Work to be completed
Look below for the line with "Od samtaPodesiva/sklopiva/s prostorom" and the line with "Vous pouvez désormais"; repeat exactly those two lines and all lines between them, but no pictures.

Data

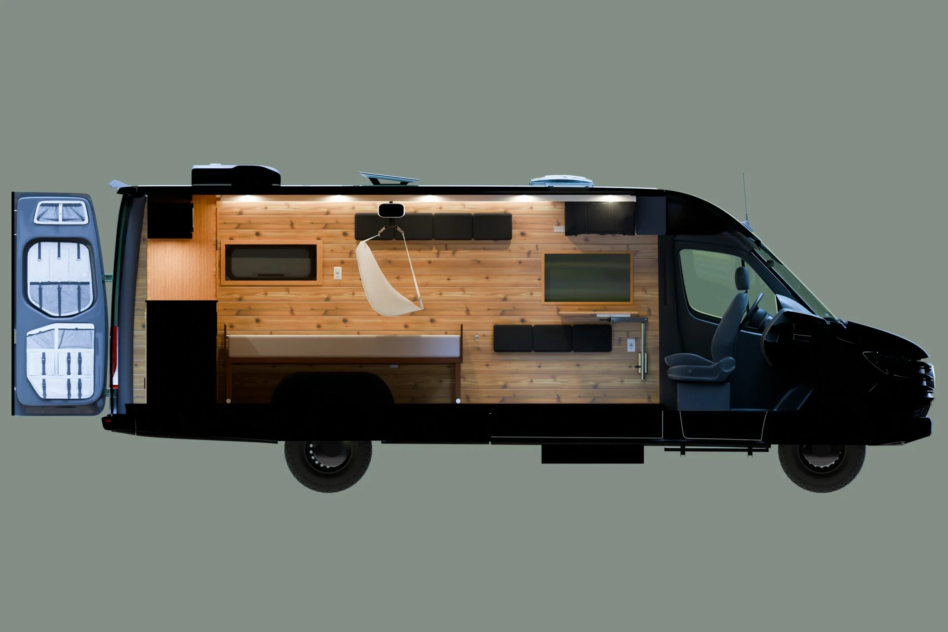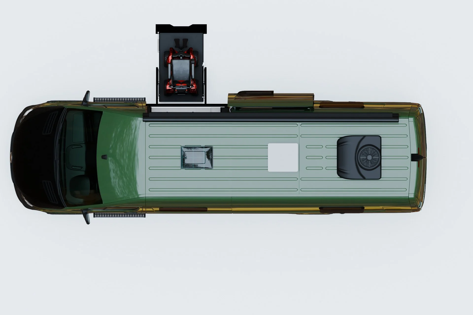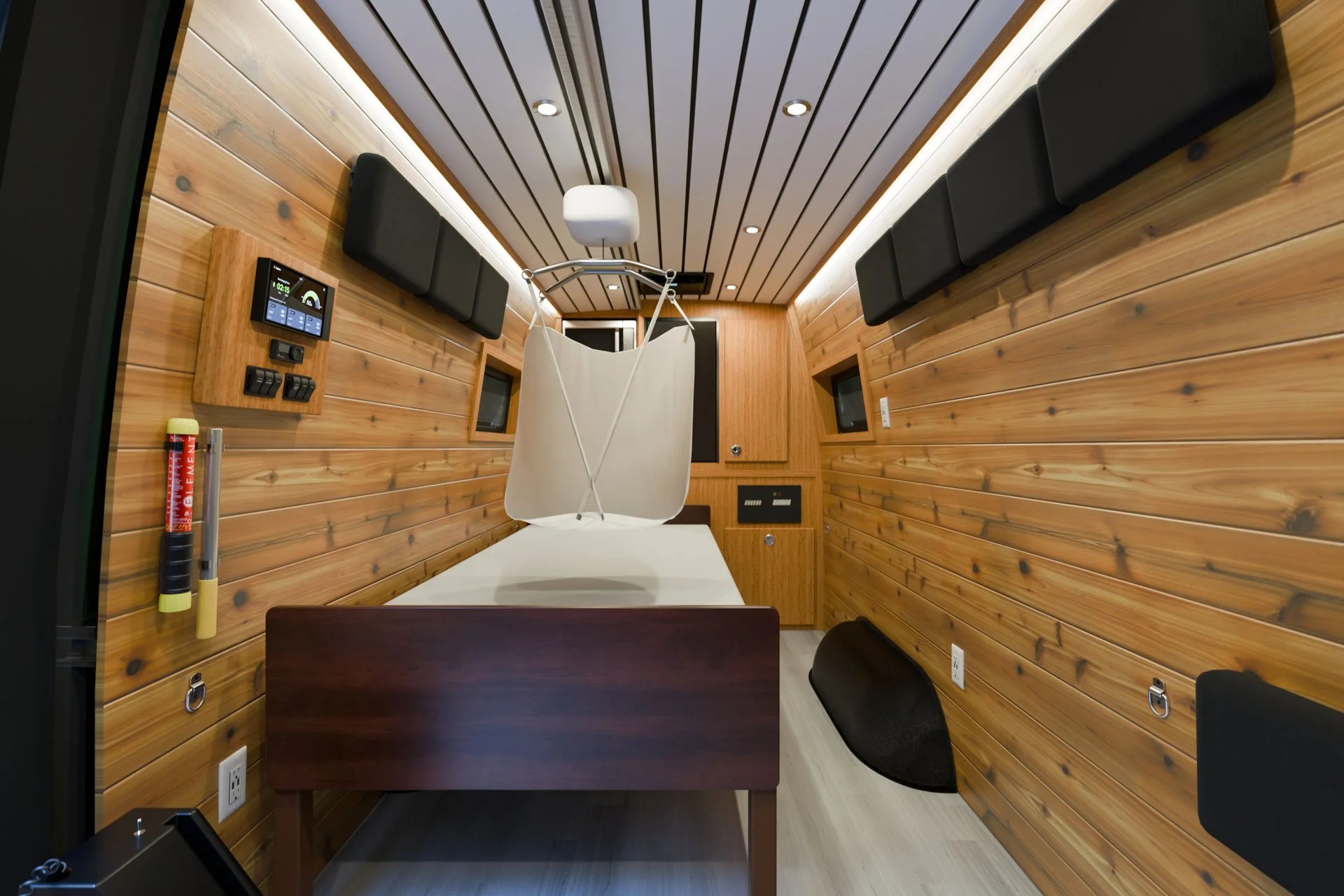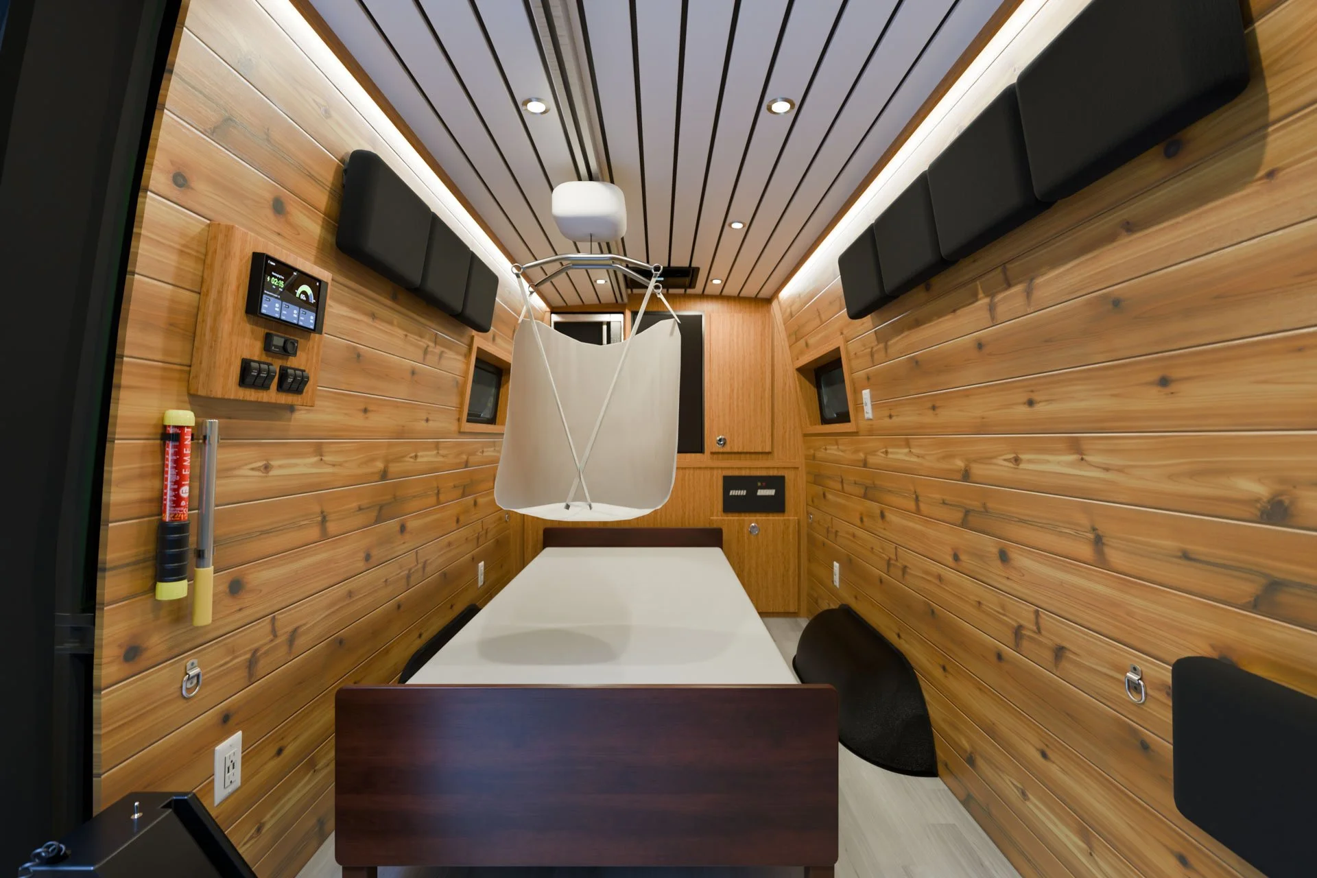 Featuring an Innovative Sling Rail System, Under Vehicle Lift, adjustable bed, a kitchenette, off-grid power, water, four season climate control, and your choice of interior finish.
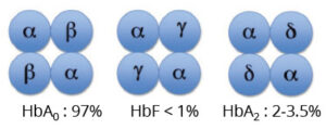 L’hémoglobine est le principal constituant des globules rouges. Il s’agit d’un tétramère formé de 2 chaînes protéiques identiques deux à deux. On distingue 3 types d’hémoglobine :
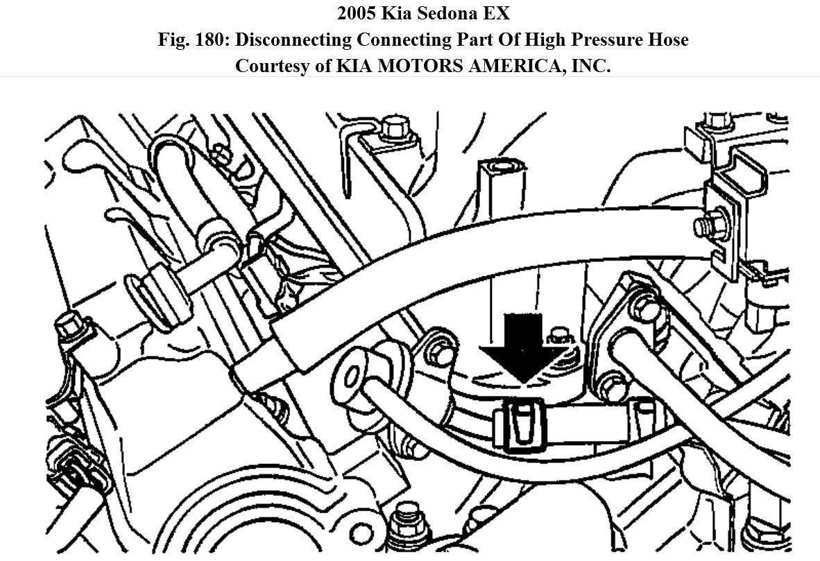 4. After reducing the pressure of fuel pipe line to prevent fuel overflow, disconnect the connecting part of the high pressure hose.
...
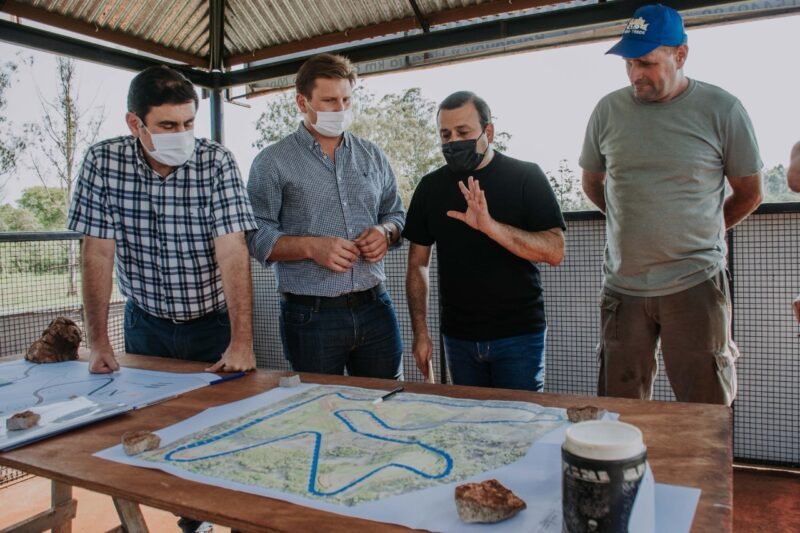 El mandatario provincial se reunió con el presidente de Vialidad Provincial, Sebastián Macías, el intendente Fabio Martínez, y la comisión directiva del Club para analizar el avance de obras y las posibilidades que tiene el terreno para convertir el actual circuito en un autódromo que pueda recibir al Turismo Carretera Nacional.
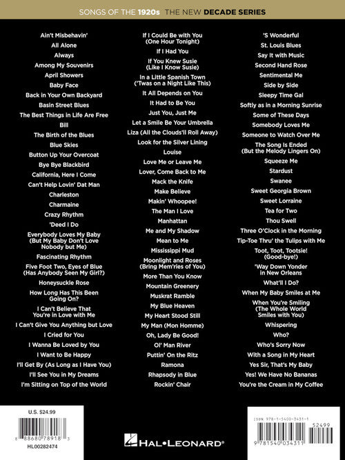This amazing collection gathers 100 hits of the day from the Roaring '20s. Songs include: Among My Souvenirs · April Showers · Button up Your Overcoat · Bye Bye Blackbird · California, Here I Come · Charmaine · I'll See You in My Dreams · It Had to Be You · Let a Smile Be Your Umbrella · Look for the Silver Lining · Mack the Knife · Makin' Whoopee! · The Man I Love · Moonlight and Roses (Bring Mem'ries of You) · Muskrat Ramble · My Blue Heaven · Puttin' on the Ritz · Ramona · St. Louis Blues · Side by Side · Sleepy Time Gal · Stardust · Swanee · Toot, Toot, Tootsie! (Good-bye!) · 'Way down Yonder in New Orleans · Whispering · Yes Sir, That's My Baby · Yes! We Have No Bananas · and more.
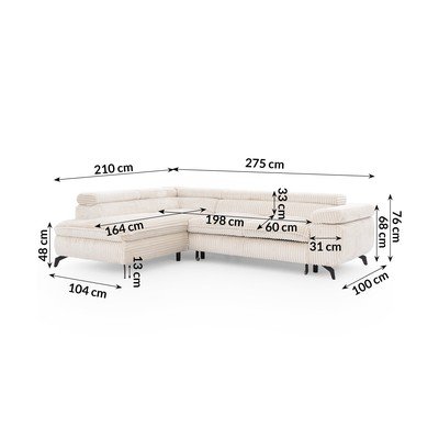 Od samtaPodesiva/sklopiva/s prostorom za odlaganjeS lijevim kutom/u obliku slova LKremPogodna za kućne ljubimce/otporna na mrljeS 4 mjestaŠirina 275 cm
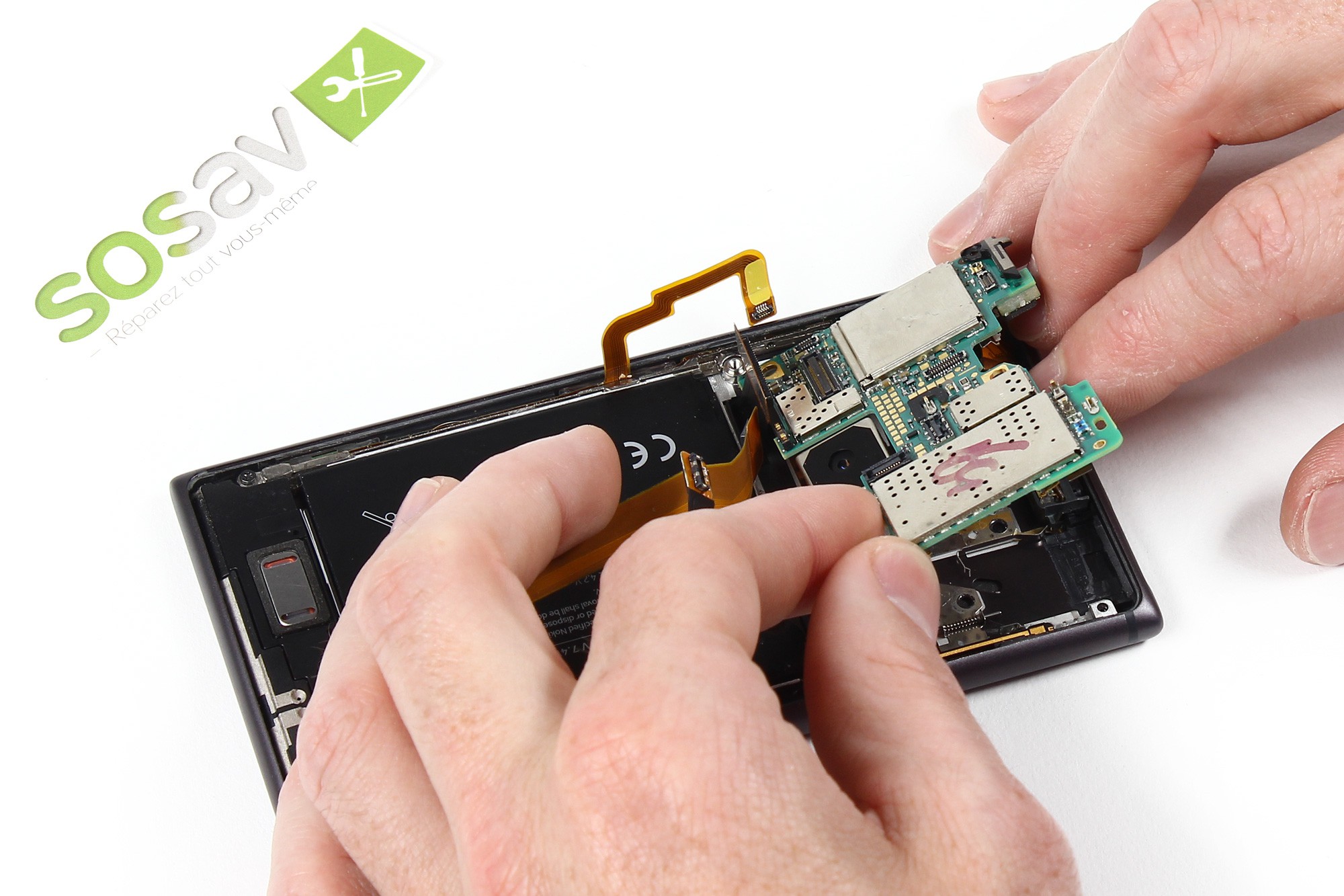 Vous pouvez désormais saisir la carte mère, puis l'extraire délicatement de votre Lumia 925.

Answer
 Od samtaPodesiva/sklopiva/s prostorom za odlaganjeS lijevim kutom/u obliku slova LKremPogodna za kućne ljubimce/otporna na mrljeS 4 mjestaŠirina 275 cm
 Vous pouvez désormais saisir la carte mère, puis l'extraire délicatement de votre Lumia 925.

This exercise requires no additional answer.